How H-1B Prevailing Wages Work

Before an H-1B petition can be filed with USCIS, the employer generally must obtain a certified Labor Condition Application from the Department of Labor. The LCA identifies key information about the job, including the occupational classification, wage level, worksite location, employment period, and required wage.

The prevailing wage is commonly determined using Department of Labor wage data, though employers may also use other acceptable wage sources in certain circumstances. The wage depends on the occupation, geographic area, and wage level assigned to the position. Wage levels are typically tied to factors such as experience, education, supervision, responsibility, and complexity of job duties.

The current wage system uses four wage levels. Level I generally reflects entry-level positions. Level II reflects qualified positions requiring more than basic understanding. Level III is often used for experienced roles. Level IV generally applies to highly experienced, senior, or advanced positions.

Under the proposed rule, the Department of Labor would revise the percentile structure used to calculate prevailing wages. This means the numerical salary assigned to each wage level could increase, sometimes substantially depending on occupation and location.

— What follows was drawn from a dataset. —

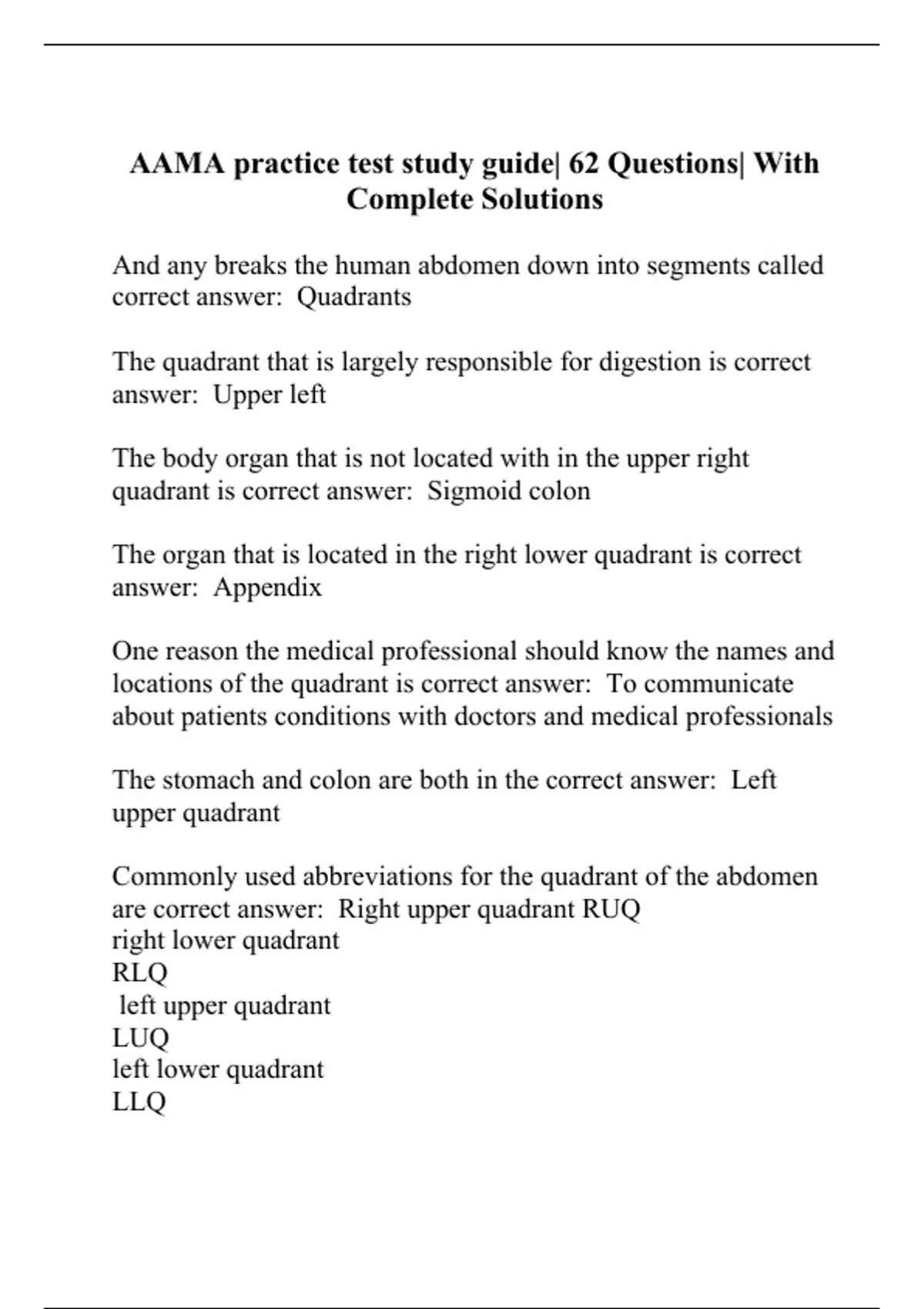 And any breaks the human abdomen down into segments called correct answer: Quadrants The quadrant that is largely responsible for digestion is correct answer: Upper left The body organ that is not located with in the upper right quadrant is correct answer: Sigmoid colon The organ that is located in the right lower quadrant is correct answer: Appendix One reason the medical professional should know the names and locations of the quadrant is correct answer: To communicate about patients conditions with doctors and medical professionals The stomach and colon are both in the correct answer: Left upper quadrant Commonly used abbreviations for the quadrant of the abdomen are correct answer: Right upper quadrant RUQ right lower quadrant RLQ left upper quadrant LUQ left lower quadrant LLQ

What Wage Levels Could Change Under the Proposal?

The proposed rule would raise the percentile thresholds used for the four wage levels. Under the current methodology, the four levels are generally tied to the 17th, 34th, 50th, and 67th percentiles. Under the proposed rule, those levels would increase to the 34th, 52nd, 70th, and 88th percentiles.

In practical terms, this means each wage level would move higher. Level I would no longer be tied to the lower end of the wage distribution. Level II would move above the current median level. Level III would move substantially higher. Level IV would move near the top of the wage distribution.

For employers, this could change the economics of H-1B sponsorship. A role currently supportable at Level I may require a significantly higher wage under the proposed system. A Level II role may move closer to what employers currently associate with more experienced compensation. Level III and Level IV roles could become much more expensive in certain high-cost labor markets.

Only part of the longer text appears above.